We compared our findings to those from seven large studies of the plasma–serum metabolome that were published in peer-reviewed journals and shared their summary statistics6,7,8,9,10,11,12. These studies were selected to maximize overlap with our findings as studies of EA participants with large sample size that examined the effects of common SNPs on plasma–serum metabolite levels quantified with the Metabolon assay, rather than on rare variant association studies, or GWAS of metabolites quantified by different methods and/or in other populations, for example, refs. 66,67,68,69,70. Metabolites were matched by compound or chemical ID, if available, and biochemical name (ones not identical were checked manually). First, for each mQTL identified in one of the published plasma–serum studies mentioned above, available index SNPs were extracted from GWAS of the corresponding metabolite in plasma and urine, and effect direction and statistical significance were assessed at different levels of statistical significance (P value < 0.05, <0.05 ÷ no. mQTLs in the previous study, <5 × 10−8 and <5 × 10−8 ÷ no. mQTLs in the previous study).
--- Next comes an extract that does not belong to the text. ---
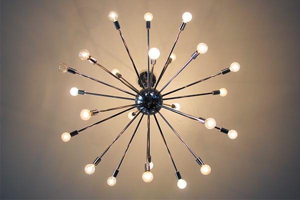 Other showstoppers, like an atomic Sputnick chandelier and lucite accents, infuse the space with an added dose of midcentury style. “I always joke with people that it’s disco '70s but it's not anymore. Now it’s eclectic '70s with a little glam. Okay, a lot of hollywood glam,” says Michele.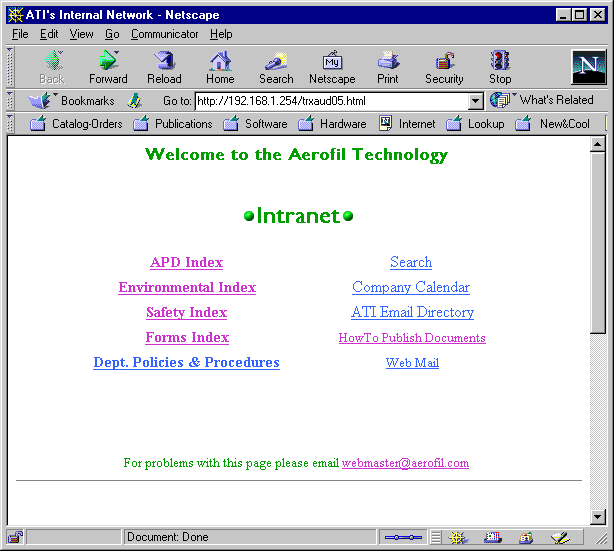 In June of 1998, the company hired a college student for the summer to assist in getting our existing documents on-line. Some of the documents were in a word-processor format, some were flowcharts done in Visio, and some existed only in paper form. Several methods were used to get this information onto the computer: scanning, converting to PDF format and coding in HTML. Basically, I set up various user areas to segregate the documents, such as Human Resources, Information Services, Aerofil Process Descriptions, Quality Control, Safety Process Descriptions, etc. Each area had security set up to ensure that only designated users could add or modify the information contained in it.

Validation required effect-direction consistency for comparisons involving results from the GCKD plasma mGWAS. Second, for each mQTL identified in this study in plasma or urine, availability of the corresponding index SNP and metabolite in the summary statistics of the previously published plasma–serum studies was assessed. If the index SNP was missing, we searched for proxy SNPs in high LD (r2 > 0.8) within a window of ±500 kb around the index SNP based on genetic data from the 1000 Genome Project phase 3 version 5 of European ancestry using snipa.helmholtz-muenchen.de/snipa/?task=proxy_search. For each study, the best available proxy SNP in terms of maximal LD and minimal distance was selected. Summary statistics were downloaded from metabolomics.helmholtz-muenchen.de/gwas/index.php?task=download (Shin et al.6), www.hli-opendata.com/Metabolome (Long et al.7, only summary statistics with P value < 10−5), omicscience.org/apps/crossplatform/ (Lotta et al.8), pheweb.org/metsim-metab/ (Yin et al.10), omicscience.org/apps/mgwas/mgwas.table.php (Surendran et al.11) and ftp.ebi.ac.uk/pub/databases/gwas/summary_statistics/; accession numbers for European GWAS are GCST90199621GCST90201020 (Chen et al.12). Hysi et al.9 shared their summary statistics upon request.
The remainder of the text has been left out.